WORK INSTRUCTION:
In the material below, find the line containing "B9004787 Промежуточное кольцо" and the line containing "HP 430 Wireless-Maus". Output those two lines and all lines between them exactly, without pictures.

---------------

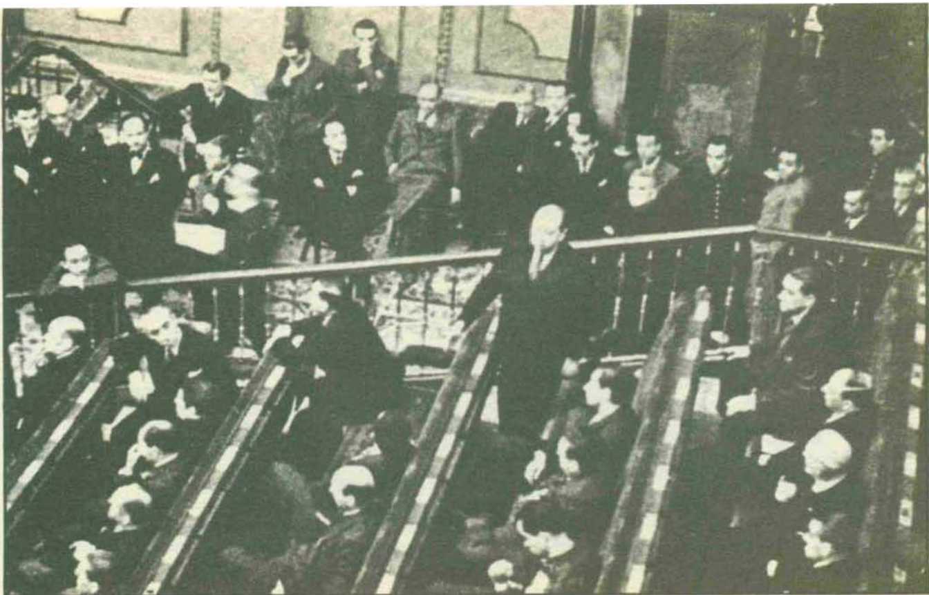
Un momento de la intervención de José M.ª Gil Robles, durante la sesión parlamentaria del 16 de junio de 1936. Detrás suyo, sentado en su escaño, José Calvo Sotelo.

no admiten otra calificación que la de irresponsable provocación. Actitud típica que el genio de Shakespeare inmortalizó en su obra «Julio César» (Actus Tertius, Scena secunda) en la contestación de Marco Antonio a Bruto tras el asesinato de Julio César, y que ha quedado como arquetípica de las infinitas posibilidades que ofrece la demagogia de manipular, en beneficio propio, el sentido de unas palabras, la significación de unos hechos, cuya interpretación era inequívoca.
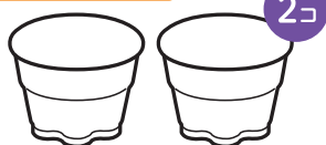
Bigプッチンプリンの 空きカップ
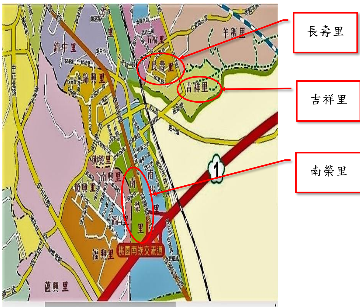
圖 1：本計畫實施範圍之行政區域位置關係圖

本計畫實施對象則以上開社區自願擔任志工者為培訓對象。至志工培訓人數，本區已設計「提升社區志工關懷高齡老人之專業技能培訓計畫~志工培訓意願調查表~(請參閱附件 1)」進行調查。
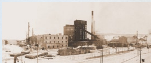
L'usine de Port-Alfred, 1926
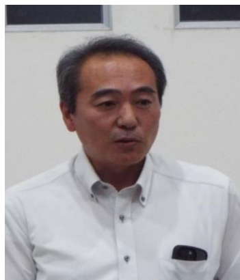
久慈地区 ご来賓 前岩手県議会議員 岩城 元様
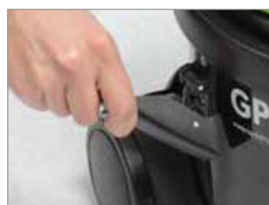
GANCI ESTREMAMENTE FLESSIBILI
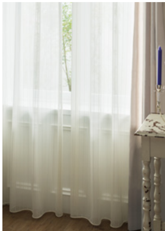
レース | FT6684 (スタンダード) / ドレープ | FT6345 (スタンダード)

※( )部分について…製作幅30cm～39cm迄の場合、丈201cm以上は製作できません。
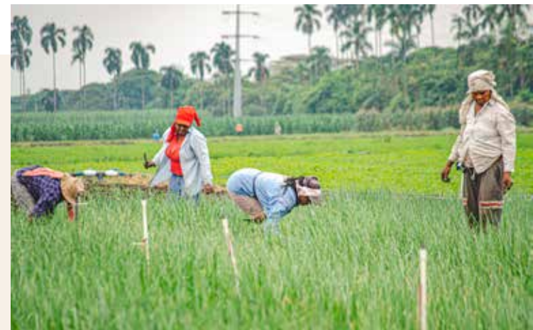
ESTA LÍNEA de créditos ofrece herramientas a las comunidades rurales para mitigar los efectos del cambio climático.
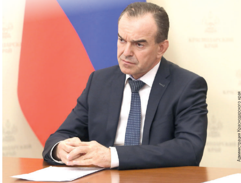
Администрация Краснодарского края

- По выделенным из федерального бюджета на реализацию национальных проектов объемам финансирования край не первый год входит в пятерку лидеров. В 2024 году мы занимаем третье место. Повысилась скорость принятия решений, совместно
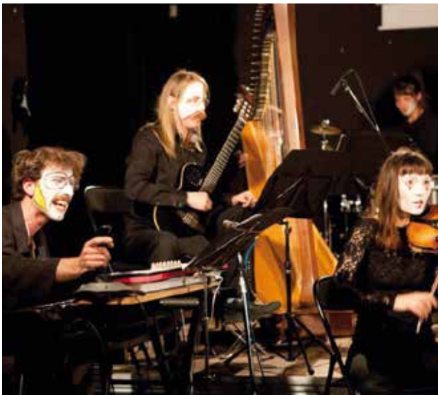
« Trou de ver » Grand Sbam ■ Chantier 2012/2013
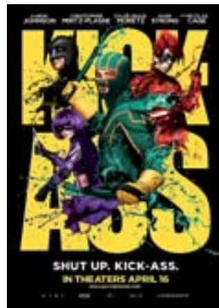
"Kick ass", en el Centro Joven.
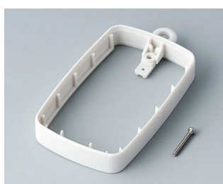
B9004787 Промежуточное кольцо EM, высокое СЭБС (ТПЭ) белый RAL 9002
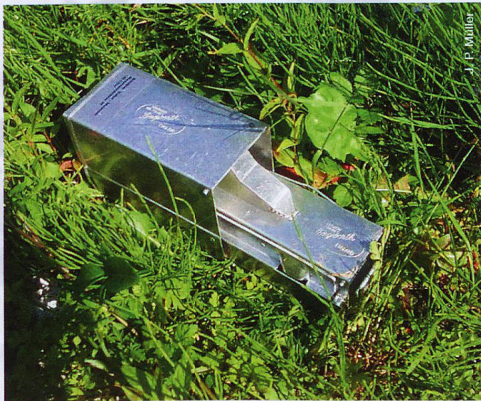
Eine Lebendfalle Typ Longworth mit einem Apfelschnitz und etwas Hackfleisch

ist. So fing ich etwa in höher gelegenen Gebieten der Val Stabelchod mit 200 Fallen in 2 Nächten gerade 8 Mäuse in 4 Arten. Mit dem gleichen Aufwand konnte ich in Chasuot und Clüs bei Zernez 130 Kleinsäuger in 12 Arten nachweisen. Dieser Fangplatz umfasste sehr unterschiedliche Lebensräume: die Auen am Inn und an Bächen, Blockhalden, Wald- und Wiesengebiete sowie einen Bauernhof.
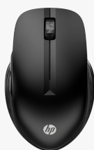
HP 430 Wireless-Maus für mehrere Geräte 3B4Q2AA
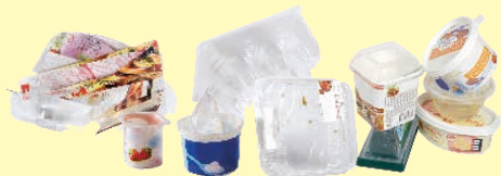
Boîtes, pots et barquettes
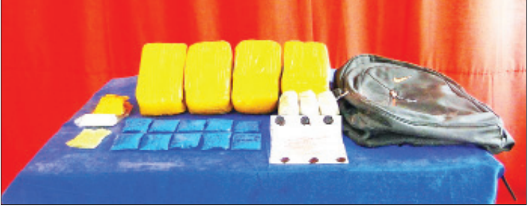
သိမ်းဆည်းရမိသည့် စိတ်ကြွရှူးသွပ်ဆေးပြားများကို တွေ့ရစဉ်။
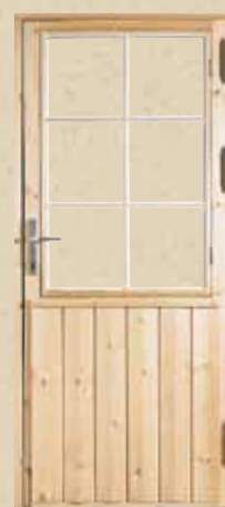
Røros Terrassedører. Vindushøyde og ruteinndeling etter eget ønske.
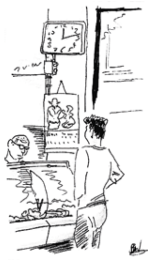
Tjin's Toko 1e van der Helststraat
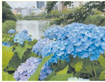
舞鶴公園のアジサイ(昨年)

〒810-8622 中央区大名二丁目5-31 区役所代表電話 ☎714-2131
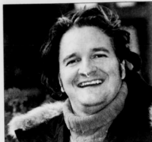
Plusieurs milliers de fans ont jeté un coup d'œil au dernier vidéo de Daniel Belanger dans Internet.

---------------

EXPECTED OUTPUT:
B9004787 Промежуточное кольцо EM, высокое СЭБС (ТПЭ) белый RAL 9002
Eine Lebendfalle Typ Longworth mit einem Apfelschnitz und etwas Hackfleisch

ist. So fing ich etwa in höher gelegenen Gebieten der Val Stabelchod mit 200 Fallen in 2 Nächten gerade 8 Mäuse in 4 Arten. Mit dem gleichen Aufwand konnte ich in Chasuot und Clüs bei Zernez 130 Kleinsäuger in 12 Arten nachweisen. Dieser Fangplatz umfasste sehr unterschiedliche Lebensräume: die Auen am Inn und an Bächen, Blockhalden, Wald- und Wiesengebiete sowie einen Bauernhof.
HP 430 Wireless-Maus für mehrere Geräte 3B4Q2AA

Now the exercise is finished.